* REQUIRED WORK *
Reproduce the section of the listing that begins at the line containing "Don't keep forever" and finishes at the line containing "Env. G1 van". Include both end lines and nothing beyond them.

* MATERIAL TO PROCESS *
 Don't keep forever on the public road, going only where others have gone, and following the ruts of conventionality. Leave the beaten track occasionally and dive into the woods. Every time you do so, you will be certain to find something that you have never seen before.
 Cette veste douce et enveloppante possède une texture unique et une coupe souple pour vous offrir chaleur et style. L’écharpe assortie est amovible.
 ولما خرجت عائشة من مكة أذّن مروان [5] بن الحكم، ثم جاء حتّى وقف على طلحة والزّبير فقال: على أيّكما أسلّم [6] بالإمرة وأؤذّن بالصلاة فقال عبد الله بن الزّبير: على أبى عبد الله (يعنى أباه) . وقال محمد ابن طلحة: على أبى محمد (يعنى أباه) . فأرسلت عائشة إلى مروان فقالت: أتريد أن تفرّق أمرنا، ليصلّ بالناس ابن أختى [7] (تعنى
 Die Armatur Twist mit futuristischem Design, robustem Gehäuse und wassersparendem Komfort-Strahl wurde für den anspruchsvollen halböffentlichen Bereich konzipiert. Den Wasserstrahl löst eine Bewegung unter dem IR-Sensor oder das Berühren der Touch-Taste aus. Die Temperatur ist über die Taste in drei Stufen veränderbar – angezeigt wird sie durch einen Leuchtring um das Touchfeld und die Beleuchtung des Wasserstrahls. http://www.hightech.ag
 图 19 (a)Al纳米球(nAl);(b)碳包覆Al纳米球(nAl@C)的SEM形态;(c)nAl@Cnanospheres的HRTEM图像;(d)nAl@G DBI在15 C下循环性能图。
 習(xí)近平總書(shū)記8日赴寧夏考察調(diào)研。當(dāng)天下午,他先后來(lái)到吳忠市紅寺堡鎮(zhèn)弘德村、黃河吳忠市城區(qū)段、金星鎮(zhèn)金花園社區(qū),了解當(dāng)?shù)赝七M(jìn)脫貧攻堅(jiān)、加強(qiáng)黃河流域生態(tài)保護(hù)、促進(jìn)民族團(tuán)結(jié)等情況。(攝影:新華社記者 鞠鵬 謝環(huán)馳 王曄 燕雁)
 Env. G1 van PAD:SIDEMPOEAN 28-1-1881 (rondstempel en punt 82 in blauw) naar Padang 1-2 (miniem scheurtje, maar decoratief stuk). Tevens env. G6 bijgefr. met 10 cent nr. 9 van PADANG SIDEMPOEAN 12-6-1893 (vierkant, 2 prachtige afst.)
* * *
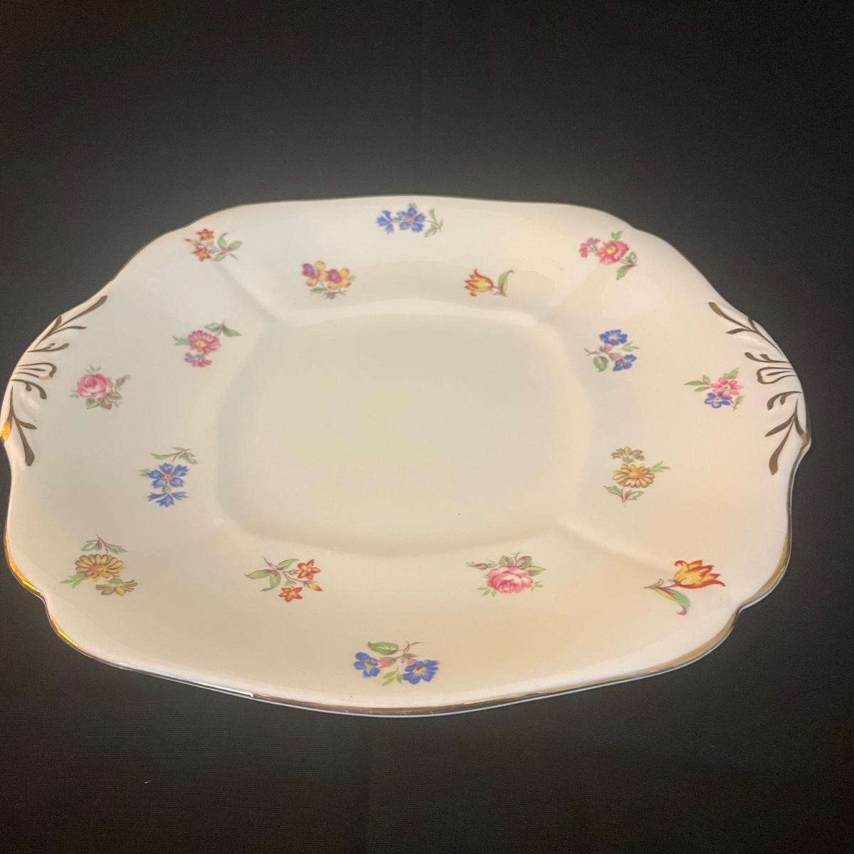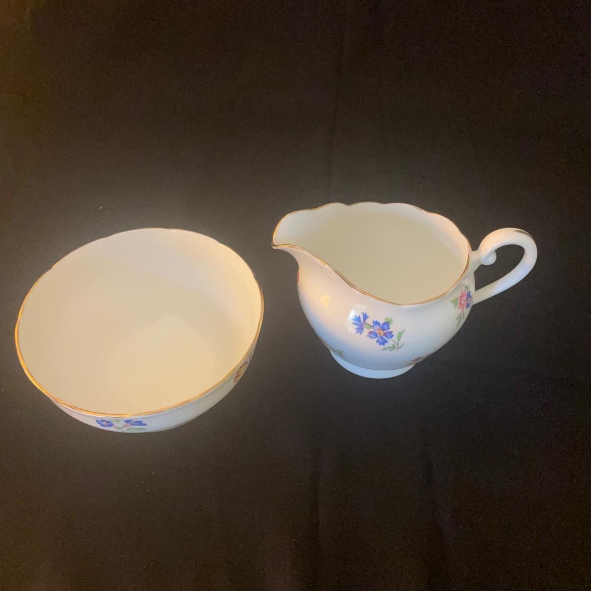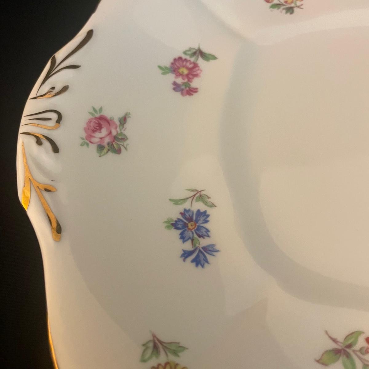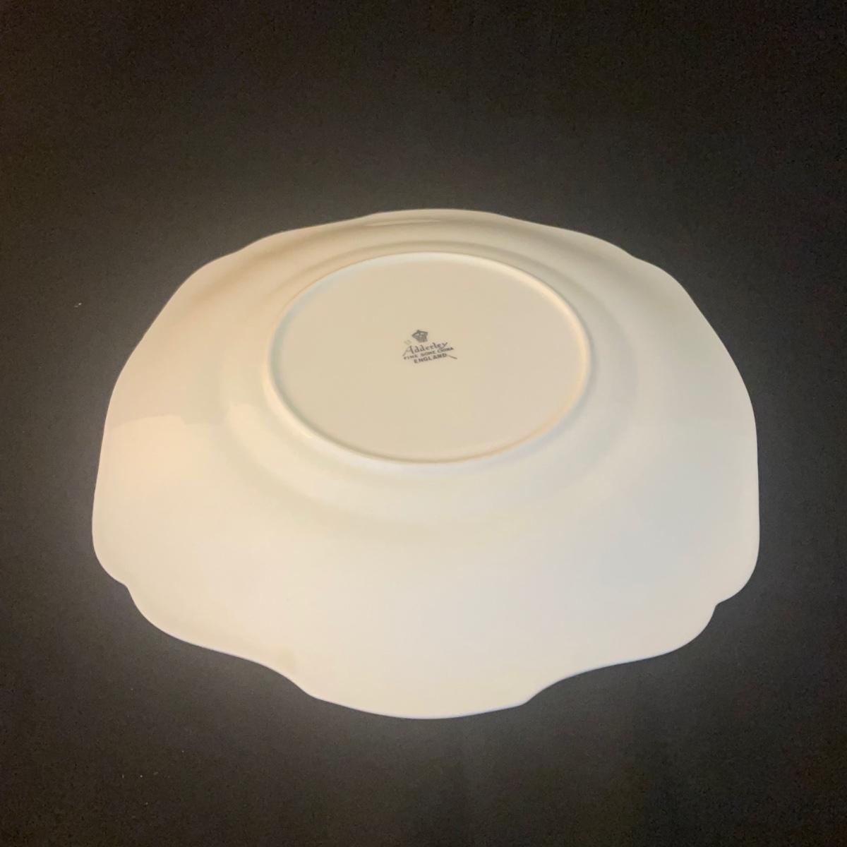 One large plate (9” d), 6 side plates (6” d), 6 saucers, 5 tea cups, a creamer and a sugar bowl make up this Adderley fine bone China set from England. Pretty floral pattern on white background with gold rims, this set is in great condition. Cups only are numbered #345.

* WRITTEN ANSWER *
 Don't keep forever on the public road, going only where others have gone, and following the ruts of conventionality. Leave the beaten track occasionally and dive into the woods. Every time you do so, you will be certain to find something that you have never seen before.
 Cette veste douce et enveloppante possède une texture unique et une coupe souple pour vous offrir chaleur et style. L’écharpe assortie est amovible.
 ولما خرجت عائشة من مكة أذّن مروان [5] بن الحكم، ثم جاء حتّى وقف على طلحة والزّبير فقال: على أيّكما أسلّم [6] بالإمرة وأؤذّن بالصلاة فقال عبد الله بن الزّبير: على أبى عبد الله (يعنى أباه) . وقال محمد ابن طلحة: على أبى محمد (يعنى أباه) . فأرسلت عائشة إلى مروان فقالت: أتريد أن تفرّق أمرنا، ليصلّ بالناس ابن أختى [7] (تعنى
 Die Armatur Twist mit futuristischem Design, robustem Gehäuse und wassersparendem Komfort-Strahl wurde für den anspruchsvollen halböffentlichen Bereich konzipiert. Den Wasserstrahl löst eine Bewegung unter dem IR-Sensor oder das Berühren der Touch-Taste aus. Die Temperatur ist über die Taste in drei Stufen veränderbar – angezeigt wird sie durch einen Leuchtring um das Touchfeld und die Beleuchtung des Wasserstrahls. http://www.hightech.ag
 图 19 (a)Al纳米球(nAl);(b)碳包覆Al纳米球(nAl@C)的SEM形态;(c)nAl@Cnanospheres的HRTEM图像;(d)nAl@G DBI在15 C下循环性能图。
 習(xí)近平總書(shū)記8日赴寧夏考察調(diào)研。當(dāng)天下午,他先后來(lái)到吳忠市紅寺堡鎮(zhèn)弘德村、黃河吳忠市城區(qū)段、金星鎮(zhèn)金花園社區(qū),了解當(dāng)?shù)赝七M(jìn)脫貧攻堅(jiān)、加強(qiáng)黃河流域生態(tài)保護(hù)、促進(jìn)民族團(tuán)結(jié)等情況。(攝影:新華社記者 鞠鵬 謝環(huán)馳 王曄 燕雁)
 Env. G1 van PAD:SIDEMPOEAN 28-1-1881 (rondstempel en punt 82 in blauw) naar Padang 1-2 (miniem scheurtje, maar decoratief stuk). Tevens env. G6 bijgefr. met 10 cent nr. 9 van PADANG SIDEMPOEAN 12-6-1893 (vierkant, 2 prachtige afst.)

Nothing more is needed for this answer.